Пуритане, как истинные последователи Жана Кальвина, с подозрением относились к детским книжкам, справедливо полагая, что всякие безыдейные зайчики с медвежатами до добра ребёнка не доведут. То ли дело «Знамение для детей» Джеймса Дженвея «о безболезненной и пресветлой кончине многих богоугодных младенцев» да «Священные Эмблемы, или Тленность вещей» Джона Баниана. А в букваре, изданном американскими пуританами, буква «К», например, сопровождалась следующим «милым» стишком: «Ксеркс умер, хоть был он великий царь. Умрешь и ты, и вся прочая тварь»

 

Квакеры.

Улучшение чего-либо – вещь увлекательная. В процессе улучшения выясняется, что и вот эта штука лишняя, и тот рычажок можно выломать-выкинуть… Глядишь, а улучшать-то уже и нечего, объект улучшений кончился (Так, например, улучшили и перестроили Советский Союз. Христианство оказалось всё же покрепче Страны Советов, его окончательно «улучшить» пока не удалось).

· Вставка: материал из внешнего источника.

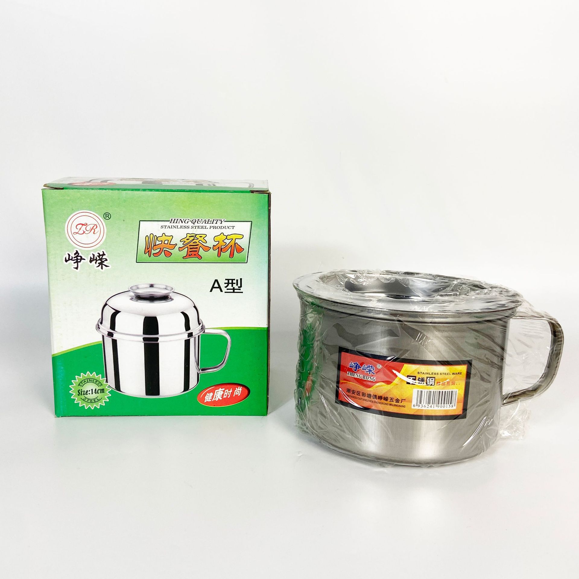 多層ステンレスのファーストフードのコップの柄は学生のカップラーメンの碗の工場の食堂の円形の食事の筒をかぶせます。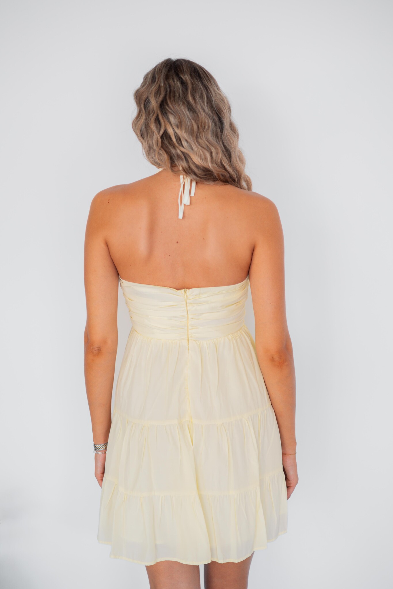 Hoe cute is dit nieuwe zomer jurkje! Dit jurkje heeft leuke ruffle details, een halter-nek, een ritssluiting aan de achterkant en is gevoerd.
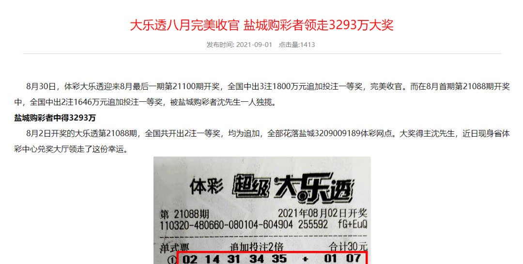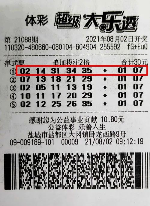 盐城购彩者领走3293万大奖!8月2日开奖的大乐透第21088期,全国共开出2注一等奖,均为追加,全部花落盐城3209009189体彩网点。大奖得主沈先生,近日现身省体彩中心兑奖大厅领走了这份幸运。仔细查看他带来的中奖票,是一张30元的2倍投注追加票。票面共有5注号码,其中第一注号码“02、14、31、34、35+01、07”,精准命中第21088期开奖号码,中得2注追加投注一等奖,每注奖金1646万多元。因为沈先生投注的这5注号码,都将后区精准锁定为“01、07”,因此还额外中得了2注八等奖和6注九等奖,单票中奖总额为32934824元。谈及购彩经历,沈先生表示,他的彩龄超过20年了。
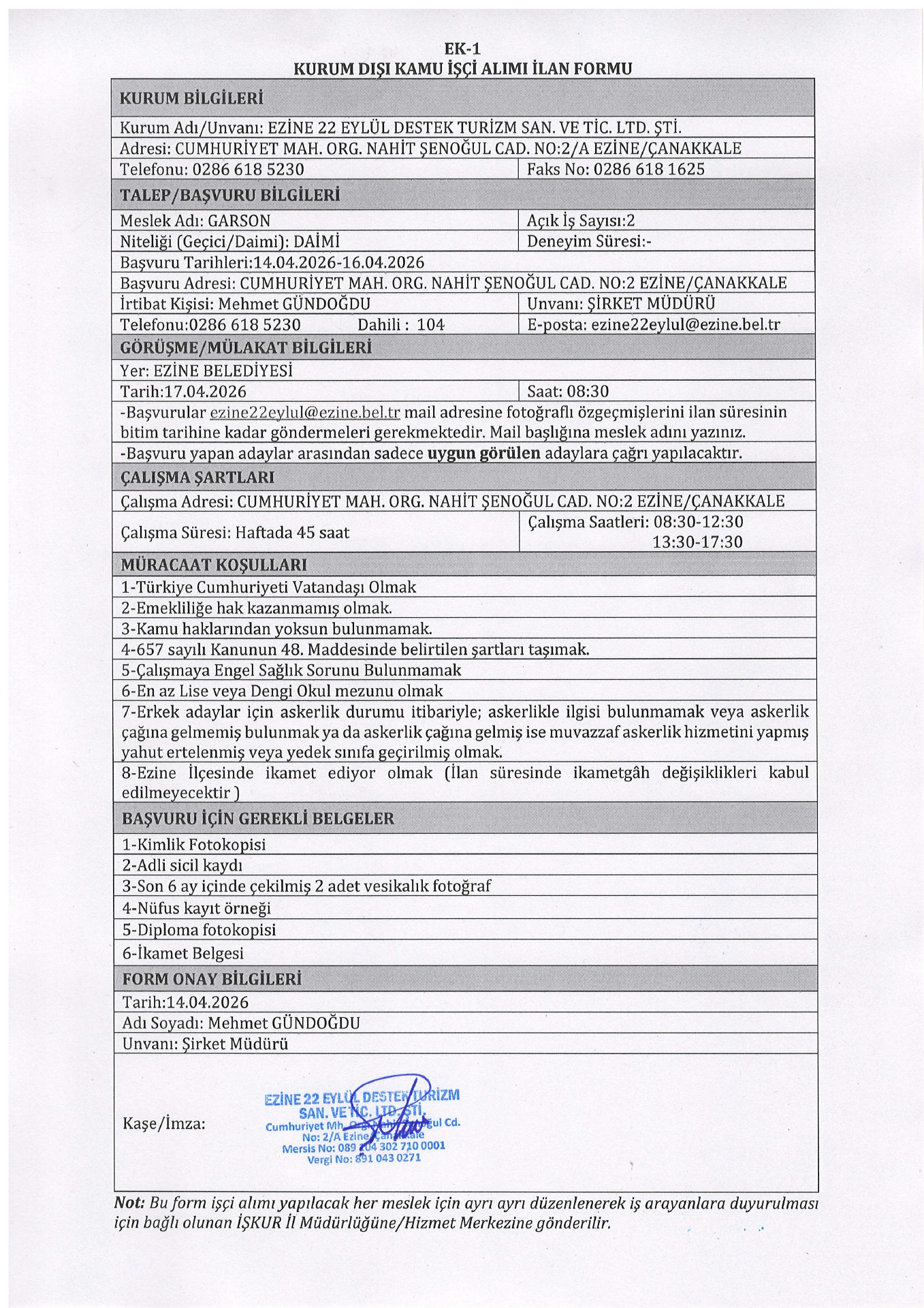 Ana sayfaDaimi İşçi İlanları Çanakkale Ezine 22 Eylül Destek Turizm 2 İşçi Alacak Çanakkale Ezine 22 Eylül Destek Turizm 2 İşçi Alacak. Son başvuru tarihi 16 Nisan 2026 Kaynak : İşkur İlan Giriş : 14 Nisan 2026 23:03, Son Güncelleme : 14 Nisan 2026 23:26 Yazdır Yorumlar (0) Abone Ol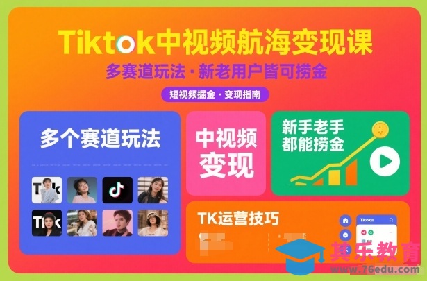 Tiktok中视频航海变现课,多个赛道玩法,新手老手都能在TK中视频捞金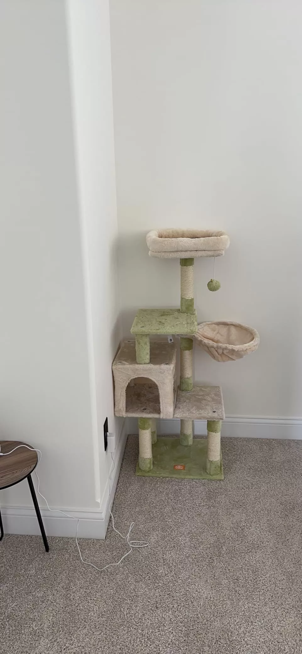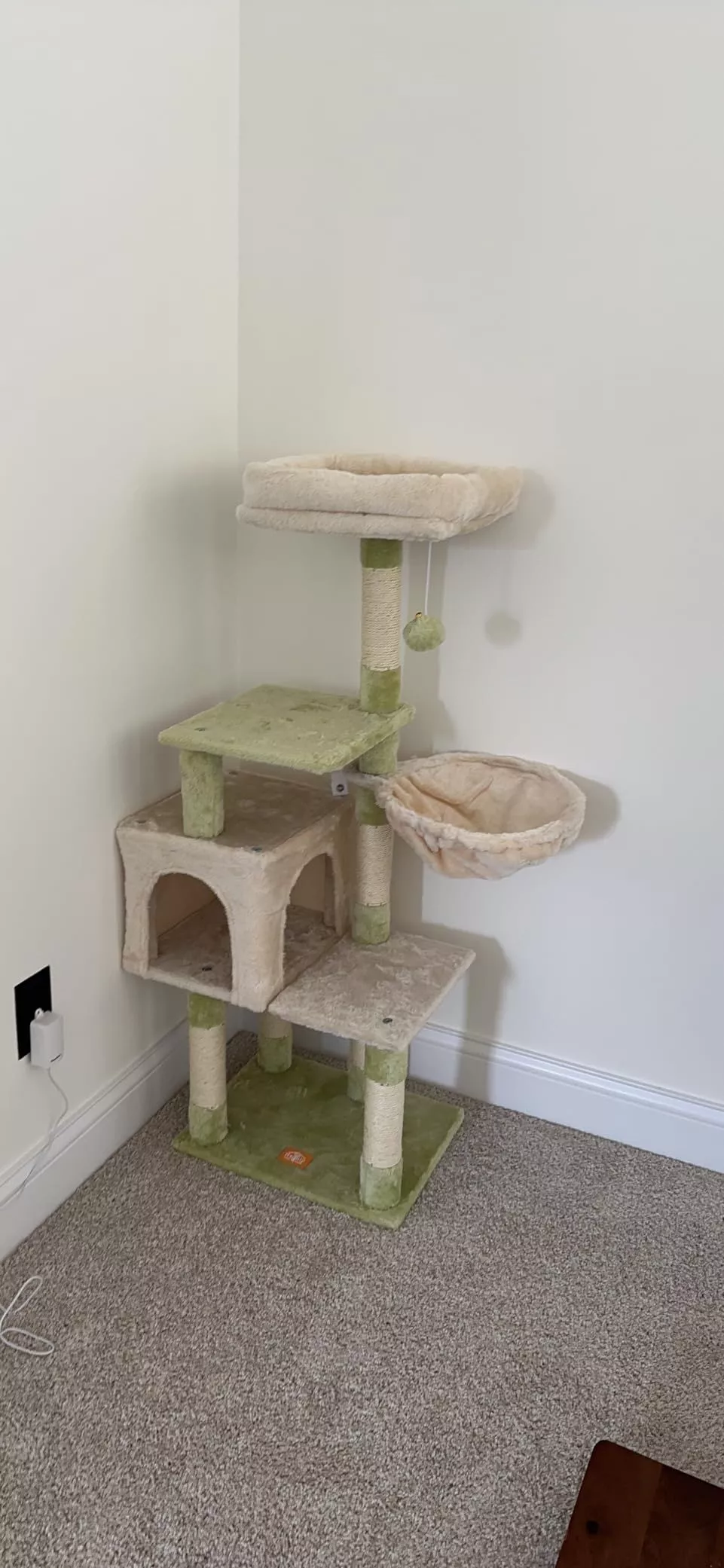 I purchased this when my cat had babies, 4 to be exact. I must say, it has become an instant hit with my feline friends. This cat tower condo not only provides endless entertainment but also offers a super comfy haven for my beloved pet. First and foremost, the level of comfort provided by this cat tree is exceptional. The plush, soft materials used in its construction create a cozy and inviting space for my cat to relax and unwind. The various platforms and perches are generously padded, allowing my furry companion to curl up, stretch out, or observe their surroundings with utmost comfort. It's truly a luxury retreat for cats seeking the perfect spot for a cat nap or a quiet moment of solitude. Aside from the remarkable comfort it offers, it also provides ample opportunities for play and exercise. The integrated toy, dangling from one of the platforms, instantly captivates my cat's attention, encouraging interactive play and physical activity. The inclusion of such an engaging feature keeps my cat entertained for hours on end, preventing boredom and promoting a healthy, active lifestyle. In terms of design, this cat tower condo is well-thought-out. The multi-level structure provides vertical space for cats to explore, jump, and climb. It also helps to save floor space, making it an ideal choice for smaller living areas. The sturdy construction ensures stability and durability, giving me peace of mind knowing that my cat can safely enjoy their elevated sanctuary. Assembly of this was a breeze. The instructions were clear and concise, and all the necessary hardware was included. Within a short time, I had the cat tower set up and ready for my cats to explore. The quality craftsmanship was evident, with attention to detail evident in every aspect. The overall aesthetics of this cat tree are pleasing to the eye. The neutral color scheme seamlessly blends into any home decor, while the sisal-covered scratching posts add a touch of natural appeal. It's a well-designed piece that not only serves its purpose but also enhances the visual appeal of the living space. Considering the features and quality it offers, the condo/tree is reasonably priced. It provides an excellent combination of comfort, playfulness, and durability, making it a valuable investment for any cat owner. The hours of entertainment and relaxation it provides to my furry companion are truly worth every penny. In conclusion, this is a super comfy haven for cats, offering a perfect balance of comfort, playfulness, and style. Its plush materials, inviting design, and integrated toy make it a highly desirable cat tower condo. If you're looking to provide your feline friend with an elevated sanctuary where they can lounge, play, and indulge in ultimate comfort, I wholeheartedly recommend this product. Your cat will thank you for it!

Мартин Лютер и его ближайшие последователи облущили католицизм до формулы “Sola Scriptura”, «Только по Писанию!», отправив в утиль кроме всего прочего то, что называется «Священным Преданием», т.е. многовековой, ведущий своё начало от апостольских времён, опыт церкви, своего рода эталон, позволяющий различить, какие из возникающих новых идей укладываются в рамки христианского учения, а какие – нет (Яркий пример – Библия. В течение первых трёх веков существования христианства по рукам ходило несметное множество Евангелий, порой путаных и противоречащих друг другу. Опираясь именно на Священное Предание, отцы церкви на Лаодикийском поместном соборе 364 года отделили зёрна от плевел, Карфагенский поместный собор 419 года добавил Откровение Иоанна, и на свет появилось Писание в том виде, в каком его мы знаем теперь. ( Полезно знать историю, на собственном опыте прочувствовал. Очень долго я с искренним уважением относился к тем же пятидесятникам, адвентистам и прочим неопротестантам. А как их не уважать? Они очистили веру от всего наносного и, подобно первым христианам, живут без священников строго по Библии. Уважал, пока во вполне светских трудах по истории Римской империи не выяснил, что у первых христиан священники-то уже были, а вот Библии как раз не было.)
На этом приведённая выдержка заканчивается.